About this exercise
Beginning with the line that contains "Σας προσκαλούμε στην", restate each line below through the final one exactly, and exclude the pictures.

*** Source data Section Begins ***

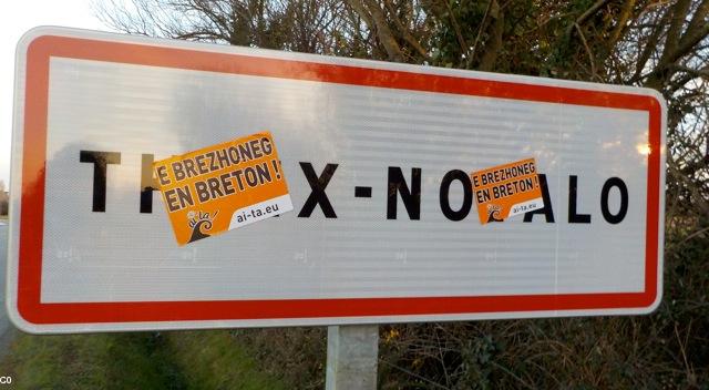 Nous dénonçons donc cet abandon et invitons les élus de Theix-Noyalo à se ressaisir et à mettre en place une réelle politique linguistique volontariste en faveur de la langue bretonne (à savoir un engagement à revenir sur leur décision, signer un objectif de niveau 3 de la charte avec l'office public de la langue bretonne, nommer un élu en charge de la langue et confier le suivi de cette charte à un agent, afin de demander...plus de traductions !).
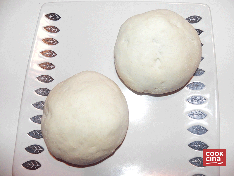 Después de amasar, debes armar 2 bollos con la masa. El truco para que no se peguen: Coloca harina mezclada con sémola en una tabla (o mesa) y con ello comienza a armar 2 bollos. El resultado debiera ser así:
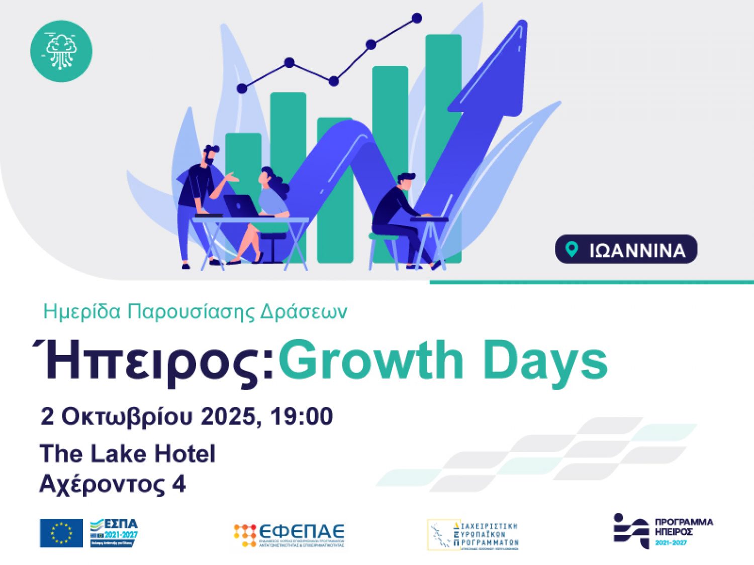 Σας προσκαλούμε στην Ημερίδα “Ήπειρος: Growth Days” για να μάθετε όλες τις νέες δράσεις του Προγράμματος Ήπειρος 2021–2027:
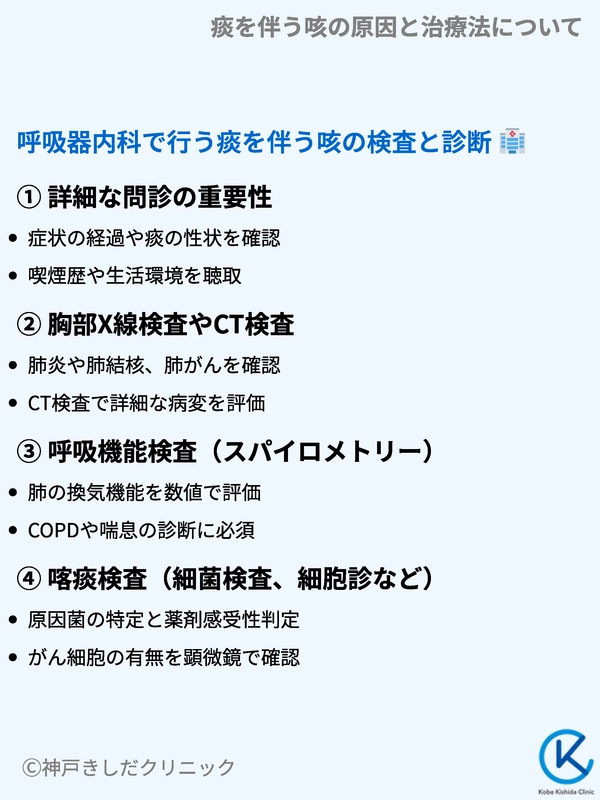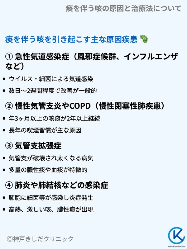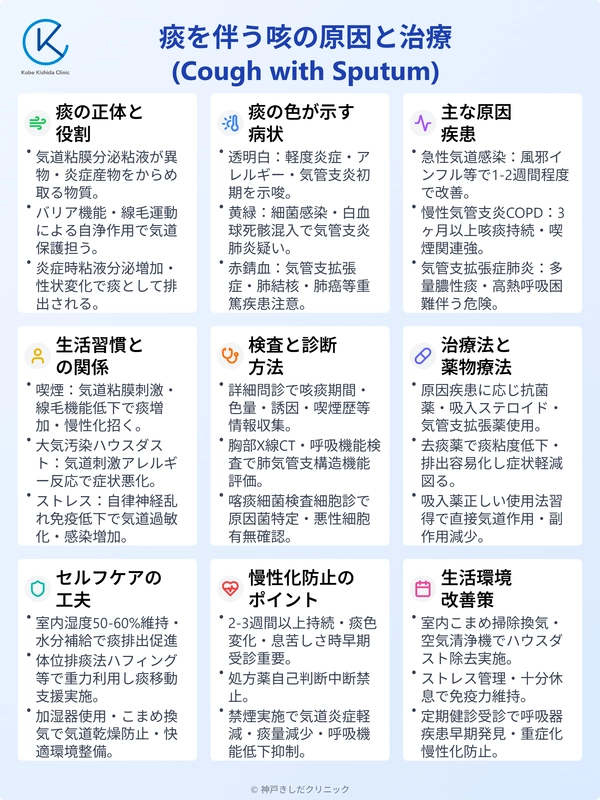 痰を伴う咳はさまざまな呼吸器の病気によって引き起こされます。原因となる疾患を正しく診断し、適切な治療を行うことが重要です。

*** Source data Section Ends ***

Written reply
 Σας προσκαλούμε στην Ημερίδα “Ήπειρος: Growth Days” για να μάθετε όλες τις νέες δράσεις του Προγράμματος Ήπειρος 2021–2027:
 痰を伴う咳はさまざまな呼吸器の病気によって引き起こされます。原因となる疾患を正しく診断し、適切な治療を行うことが重要です。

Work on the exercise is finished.